Fig. 1: Quality evaluation of v4.0.a1 and v4.0.a2.

a Bar graph showing the percentages of gene models with different ranges of AED scores in v4.0.a1 and v4.0.a2. For each bar, the four colors from bottom to top indicate genes in the AED ranges 0–0.25, 0.25–0.5, 0.5–0.75, and 0.75–1, respectively. b Boxplot showing the mRNA quality index (QI) in v4.0.a1 and v4.0.a2. **, P < 0.01, Student’s t-test

Prediction of gene functions

To update gene functional annotations of v4.0.a2, all the protein sequences were blasted against the InterPro database using InterProScan16. As a result, 30,692 genes contain known protein domains in the Pfam database, compared to 25,095 genes in v4.0.a1 (Table 1). Then, Blast2GO17 was used to assign GO categories for all the genes. Consequently, 18,523 genes are allocated to specific GO terms, compared to 15,208 genes in v4.0.a1 (Table 1). Furthermore, transcription factors and protein kinases were also detected and classified by the iTAK pipeline18. A total of 1,590 transcription factors and 393 transcriptional regulators were identified in the v4.0.a2 annotation (Table S3). There are 139 more transcription factor genes in v4.0.a2 than v4.0.a1. The size of some gene families changes dramatically. For instance, the members of the family far-red impaired response 1 (FAR1) are increased from 2 to 82. The founding member FAR1 shares similarities to Mutator-like transposases and acts together with far-red elongated hypocotyls 3 (FHY3) in the nucleus to regulate gene expression in the phytochrome A signaling pathway19,20. Some other transcription factor families also gain moderately in number, such as the B3 family from 77 to 89, the bHLH family from 102 to 107, and the MYB family from 117 to 121. In addition, there are 1,145 protein kinase encoding genes in v4.0.a2, 92 more than in v4.0.a1 (Table S3). As detailed above, v4.0.a2 contains a large number of genes that are either absent or have inaccurate annotations in v4.0.a1.

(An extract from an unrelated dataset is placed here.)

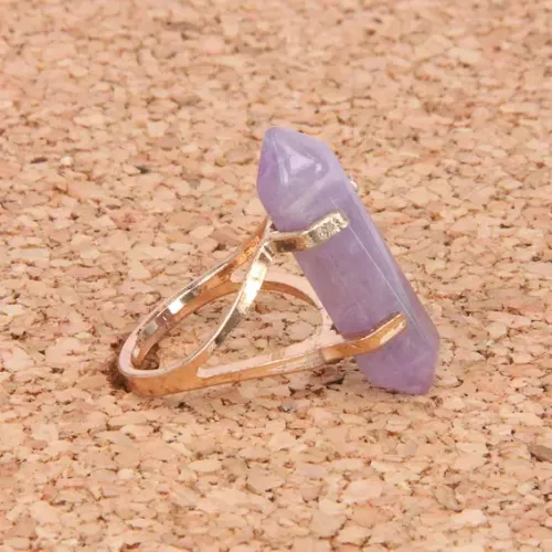 Кольцо с натуральным аметистом. Шестигранный камень в форме маятника свободно двигается в гнезде.

Characterization of the new genes identified in v4.0.a2

When comparing the gene models in v4.0.a1 and v4.0.a2 by Cuffcompare, a total of 24,978 genes are shared, accounting for 87.37% of v4.0.a1 and 73.45% of v4.0.a2. In total, 3,610 genes in v4.0.a1 are absent from v4.0.a2; most of them are either not supported by expression or not supported by protein homology evidence. More importantly, v4.0.a2 added 9,029 new genes (Fig. 2b, Table S4); these new genes are from intergenic regions or genic regions with thoroughly different gene models in v4.0.a1. To further characterize these new genes, we examined their distribution across the genome. We found that these genes are evenly distributed in the seven chromosomes (Fig. 2b), ranging from 847 in Chromosome 7 to 1,704 in Chromosome 6. Then, we examined their expression levels in the 46 tissue types according to the RNA-seq data. A total of 4,832 genes (53.52% out of the 9,029 genes) are expressed at a level greater than 1 transcript per million reads (TPM) in at least one of those tissues (Table S4). The distributions of the maximum expression level of these 9,029 genes and the 24,978 shared genes among the tissues were plotted (Fig. 2c). Notably, many new genes are expressed at very low levels or not expressed at all. We hypothesize that these genes should be well supported by the conservation of protein sequences. As expected, 5,793 new genes (64.16%) contain Pfam protein domains21, and 2,967 new genes (32.86%) possess GO terms. These genes might be expressed in other unexamined tissues or induced under different growth conditions. Overall, a total of 7,361 new genes (81.53%) are strongly supported by either digital gene expression or conserved protein domains. The expression patterns of the top 100 most abundantly expressed genes in the available transcriptome data were analyzed by hierarchical clustering. As shown in Fig. 2d, a large proportion of them are specifically expressed (Table S4), for instance, in the heart-stage embryo, stage 12 anther, or mature pollen.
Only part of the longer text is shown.